Dr Harney’s research interests include the genetics of inflammatory arthritis and occult cardiovascular disease in rheumatoid arthritis and she has over 90 publications. She is a board member of the therapeutic use exemption (TUE) committee of the Irish Sports Council.

The Cork-based rheumatologist has been active in highlighting the shortage of consultants in her own and other specialties, recently writing an article for the Echo newspaper which stated that Ireland has the lowest number of medical specialists in the EU per 1,000 population, with half or less than the EU average in many specialties.

About the ISR

The Irish Society for Rheumatology (ISR) is an organisation of approximately 150 members with specialist training in rheumatology. Members include consultants, trainees, scientists and researchers. The society has members based in the Republic of Ireland, Northern Ireland, the rest of the UK and some further afield.

The society’s main functions include organising and hosting regular platforms and conferences allowing members to present clinical and scientific material. It holds two key meetings in spring and autumn of each year.

The ISR also promotes ongoing education and training in rheumatology at all levels and in particular in the postgraduate areas of professional training and higher medical training.

International links are maintained and developed to assist with the flow of information in the field.
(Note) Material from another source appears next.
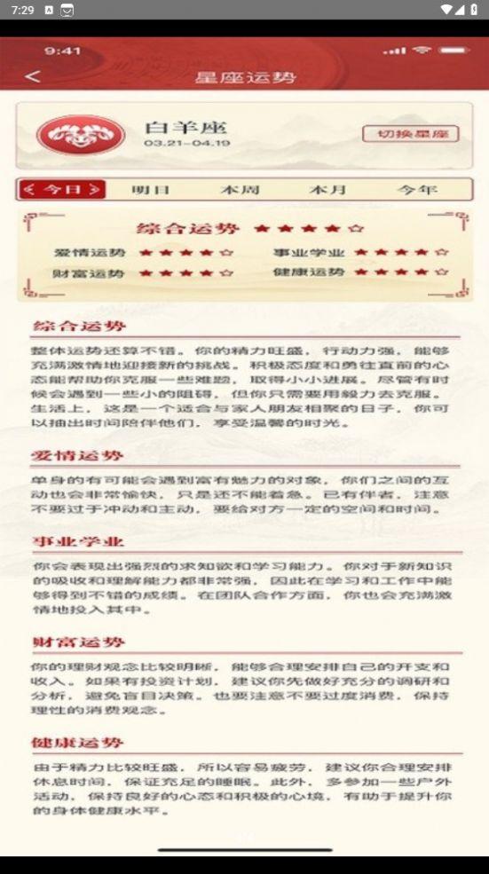 外出好运问一问app是一款融入了中国传统文化、风水命理、星座算命等多种元素的实用app。将传统文化与现代高新科技紧密结合,提供用户全面的黄历查询服务。用户能够轻松查看阴历、公历、节令、节日、留念日等各种信息,与此同时也可以根据自身需求定制个性化提示,如每日禁忌、生肖运程、十二星座运势等。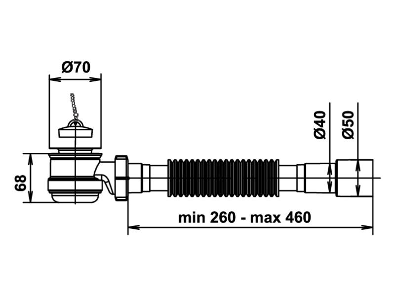 Сифон низький пляшковий для душ.піддону з випуском 11/2" та гофротрубою 40*40/50 MILLZ 1/60

Currently, the society enjoys links with the American College for Rheumatology (ACR), British Society for Rheumatology (BSR) and the European League Against Rheumatism (EULAR).

The society welcomes new members working in the area for rheumatology or associated research fields, including consultants, SpRs, medical scientists and researchers.

New members should be established active practitioners, trainees or investigators in the field of rheumatology. Membership is granted to suitable applicants who make an appropriate application, which is then presented to the board for acceptance.